Hiding behind a tree, twirling his nasty mustache, the nasty Villain lurked waiting to kidnap the fair maiden. Having completed his customary evening chores of tipping over all the cows and painting all the sheep purple; he smirked in his nasty self-satisfied way rubbing together his hasty hands and grinning a nasty grin on his nasty face showing all his nasty teeth and nasty gums.

The Heroine slowly approached the tree...

Well, one of the audience sitting in the front row - a Villager - had had enough of the Villain. The Villager shouted out to the Heroine, "HEMA JEE!!!! WATCH OUT!!!! I WILL SAVE YOU FROM THIS ##@@@##!!!" (if you want to know what ##@@@## is, please send a note stating you know Punjabi).

Saying that, the Villager took off his slipper, and waving it about jumped on the stage and starting slapping the Villain with all his might!

Of course, there was much running around.
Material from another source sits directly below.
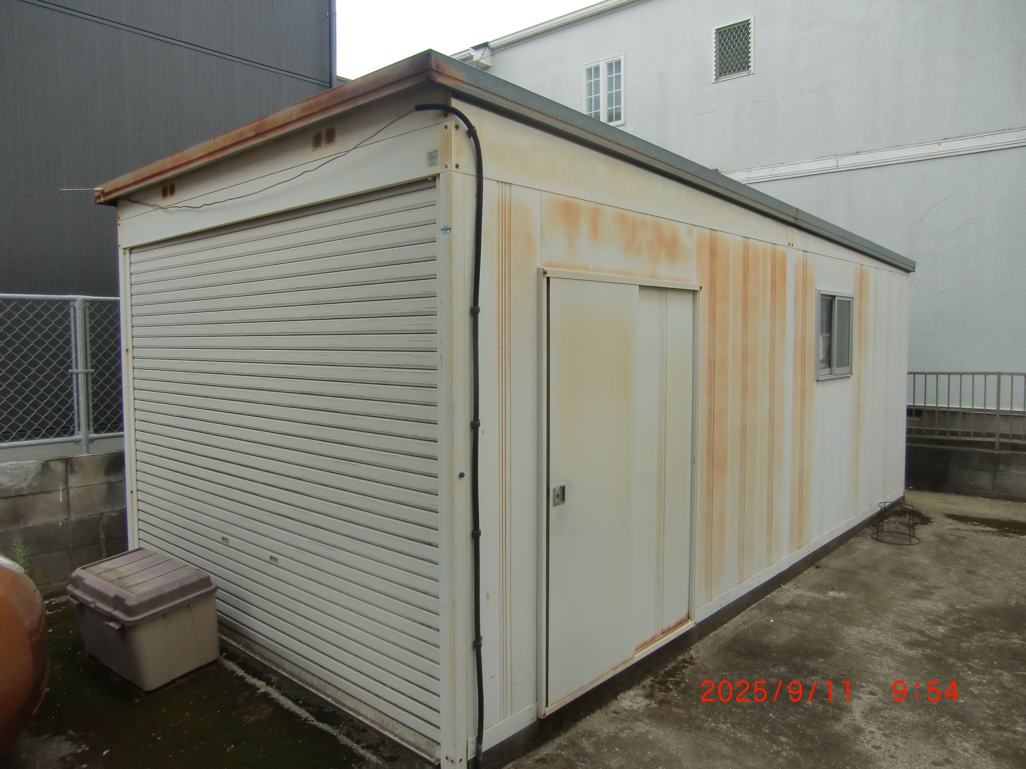 錆びが出ていた物置を二種類の塗料で塗装しました。

Many stage-hands tried to save the Villain but the furious Villager (especially about the cow-tipping) mistook the stage-hands for the Villain's goons and beat even some of them!

The director had the good sense to turn on all the lights and bring the Villager back to "reality".

The Villager turned out to be no less than the sarpanch - the Village headman. He felt quite embarrassed and walked away mumbling some sanskrit mantras and adjusting his dhoti.

This is a true story and it is said that the actor who played the Villain refused to give back the Villager's slipper prizing it above any acting award.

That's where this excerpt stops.